O Papa, que cresceu com o Concílio e cultivou as sementes dos ministérios propostos pelo Concílio, destaca como precisamente desde o Concílio Ecumênico Vaticano II a Igreja tenha sentido com renovada consciência a importância do empenho do laicado na obra de evangelização. “Os padres conciliares - escreve Francisco - reafirmaram várias vezes a grande necessidade que há, tanto para a implantação da Igreja como para o crescimento da comunidade cristã, do envolvimento direto dos fiéis leigos nas várias formas em que se pode exprimir o seu carisma... Hoje em dia, em razão da escassez de clero para evangelizar tão grandes multidões e exercer o ministério pastoral, o ofício dos catequistas tem muitíssima importância”.

Hoje, para o Papa, a presença do catequista “torna-se ainda mais urgente pela renovada consciência da evangelização no mundo contemporâneo, e pela imposição de uma cultura globalizada, que requer um encontro autêntico com as jovens gerações, sem esquecer a exigência de metodologias. e instrumentos criativos que tornem o anúncio do Evangelho coerente com a transformação missionária que a Igreja abraçou”.
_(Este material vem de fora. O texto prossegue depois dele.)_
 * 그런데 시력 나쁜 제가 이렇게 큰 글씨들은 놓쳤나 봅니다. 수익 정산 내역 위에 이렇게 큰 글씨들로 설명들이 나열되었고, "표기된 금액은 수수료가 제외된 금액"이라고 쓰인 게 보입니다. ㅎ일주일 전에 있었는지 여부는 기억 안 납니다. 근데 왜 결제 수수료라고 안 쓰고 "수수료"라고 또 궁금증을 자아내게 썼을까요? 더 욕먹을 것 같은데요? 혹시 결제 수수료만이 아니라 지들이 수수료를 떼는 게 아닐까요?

Existem duas condições indispensáveis para que a Igreja possa cumprir a sua missão no mundo: “Fidelidade ao passado e responsabilidade pelo presente”. O Papa cita a constituição conciliar Lumen gentium para ilustrar a responsabilidade e a "função especial desempenhada pelo catequista". Daí o seu perfil que “é, simultaneamente, testemunha da fé, mestre e mistagogo, acompanhante e pedagogo que instrui em nome da Igreja”. “Uma identidade vocacional que só mediante a oração, o estudo e a participação direta na vida da comunidade é que se pode desenvolver com coerência e responsabilidade”, afirma o documento.
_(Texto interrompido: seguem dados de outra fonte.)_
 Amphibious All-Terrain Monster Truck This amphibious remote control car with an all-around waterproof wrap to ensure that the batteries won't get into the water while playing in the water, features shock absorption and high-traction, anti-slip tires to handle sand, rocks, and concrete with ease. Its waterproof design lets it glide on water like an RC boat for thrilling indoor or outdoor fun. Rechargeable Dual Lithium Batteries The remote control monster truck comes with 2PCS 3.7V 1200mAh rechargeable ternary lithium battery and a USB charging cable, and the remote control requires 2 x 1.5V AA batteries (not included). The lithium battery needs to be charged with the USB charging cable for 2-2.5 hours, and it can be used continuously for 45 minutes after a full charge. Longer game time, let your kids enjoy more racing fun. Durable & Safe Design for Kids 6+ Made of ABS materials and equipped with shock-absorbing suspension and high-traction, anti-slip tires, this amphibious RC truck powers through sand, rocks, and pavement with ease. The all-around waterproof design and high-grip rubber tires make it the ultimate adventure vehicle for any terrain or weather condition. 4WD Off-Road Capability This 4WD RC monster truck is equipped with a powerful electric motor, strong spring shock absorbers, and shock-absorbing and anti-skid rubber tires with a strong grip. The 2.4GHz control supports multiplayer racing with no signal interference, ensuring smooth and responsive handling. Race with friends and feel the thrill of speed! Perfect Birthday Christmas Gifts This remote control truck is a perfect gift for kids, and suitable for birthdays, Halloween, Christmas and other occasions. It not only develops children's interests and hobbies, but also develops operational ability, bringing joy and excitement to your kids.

Por isso, convém que “ao ministério instituído de Catequista, sejam chamados homens e mulheres de fé profunda e maturidade humana, que tenham uma participação ativa na vida da comunidade cristã, sejam capazes de acolhimento, generosidade e vida de comunhão fraterna, recebam a devida formação bíblica, teológica, pastoral e pedagógica, para ser solícitos comunicadores da verdade da fé, e tenham já maturado uma prévia experiência de catequese”. O ministério é reconhecido como um "serviço estável prestado à Igreja local" que requer "o devido discernimento por parte do bispo" e é instituído com um Rito especial que em breve será publicado pela Congregação para o Culto Divino e a Disciplina dos Sacramentos.